What is the reimbursement process of maternity insurance?
First, how to apply for or pay maternity insurance benefits
1. Maternity and living allowance
Within 90 days after the birth or termination of pregnancy, the maternity worker himself or his written client shall submit a one-time application to the maternity insurance agency with the required materials.
2. Prenatal check-up fee
Paid in full by the employee, within 90 days after the birth or termination of pregnancy, the maternity employee himself or his written client shall apply to the maternity insurance agency for a one-time application with the required materials.
3. Medical expenses incurred by outpatient (emergency) consultation, off-site and non-maternity insurance agreement service institutions.
The medical expenses for maternity, termination of pregnancy and treatment of complications, implementation of family planning operation and other outpatient (emergency) consultation or medical treatment in different places and non-maternity insurance agreement service institutions shall be paid in full by the individual first, and the relevant documents shall be properly kept. Within 90 days after the operation or treatment, the maternity worker himself or his written client shall submit a one-time application to the maternity insurance agency with the required materials.
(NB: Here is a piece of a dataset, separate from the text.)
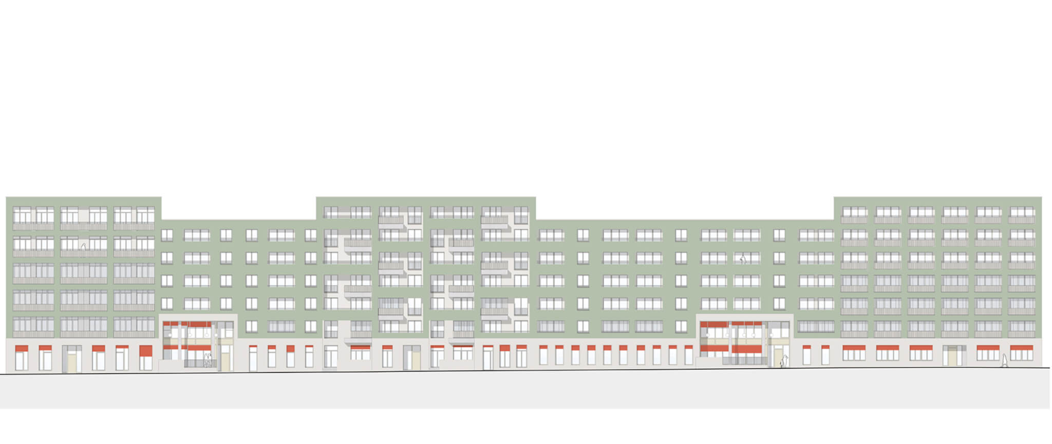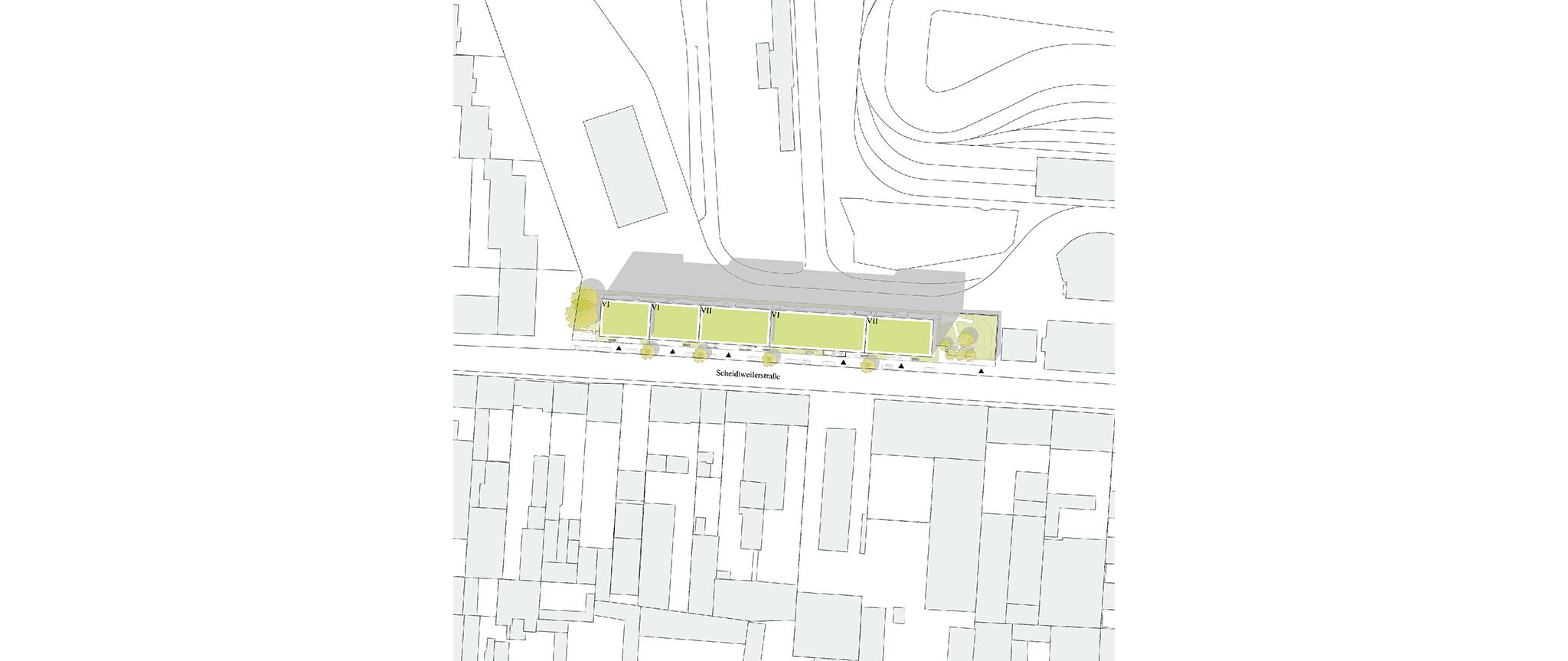 Als Gewinner der Entwurfswerkstatt ZUKUNFT WOHNEN – Weiterentwicklung von Bestandssiedlungen in Köln, Standort Scheidtweiler Straße, wurden DKA mit der Planung des Gebäudekomplexes beauftragt. Entsprechend unseres Konzeptes aus der Entwurfswerkstatt, bildet das Langhaus Braunsfeld an der Schnittstelle zwischen großmaßstäblichem Gewerbe und kleinteiliger Wohnbebauung auf dem schmalen Grundstück einen 132 m langen, durchgängigen Gebäudeköper aus. Es entsteht ein großes Ganzes, das es vermag, die Raumkanten des Straßenzugs zu schließen und diesem eine neue Urbanität zu verleihen. Gleichzeitig nimmt der Baukörper die Körnung und Kleinteiligkeit der näheren Umgebung auf, indem das Volumen in einzelne Teile gegliedert wird.

4. Hospitalization expenses for delivery, termination of pregnancy and treatment of complications
The medical expenses of the insured workers for delivery, termination of pregnancy and treatment of complications stipulated by the maternity insurance agreement service institutions shall be paid by individuals, directly settled by the employees and the hospital, and paid by the fund, and settled by the maternity insurance agency and the agreement service institutions.
2. What information does the insured employee need to provide when applying for maternity or termination of pregnancy?
1. My ID card and copy;
2 on behalf of the applicant, submit the applicant's ID card and power of attorney, as well as the client's ID card and a copy;
3 "Reproduction Service Certificate" and its copy;
4. Medical expense receipt, expense list, discharge certificate, birth medical certificate, death medical certificate, abortion medical certificate and expert appraisal certificate issued by the agreement service institution;
5. If a child is born in a different place, it is necessary to provide the unit certificate and the hospital level certificate;
6 other certification materials stipulated by the municipal administrative department of labor security.
Three, the insured workers to apply for family planning surgery treatment need to provide what information?
1. My ID card and copy;
2 on behalf of the applicant, submit the applicant's ID card and power of attorney, as well as the client's ID card and a copy;
3. Marriage certificate and photocopy;
4 outpatient medical records, prescriptions, inspection reports, expense lists, medical expense receipts, etc. ;
5. The family planning operation certificate issued by the agreement service institution;
6 the implementation of recanalization surgery must be issued by the county (autonomous county, city) issued by the administrative department of population and family planning service certificate.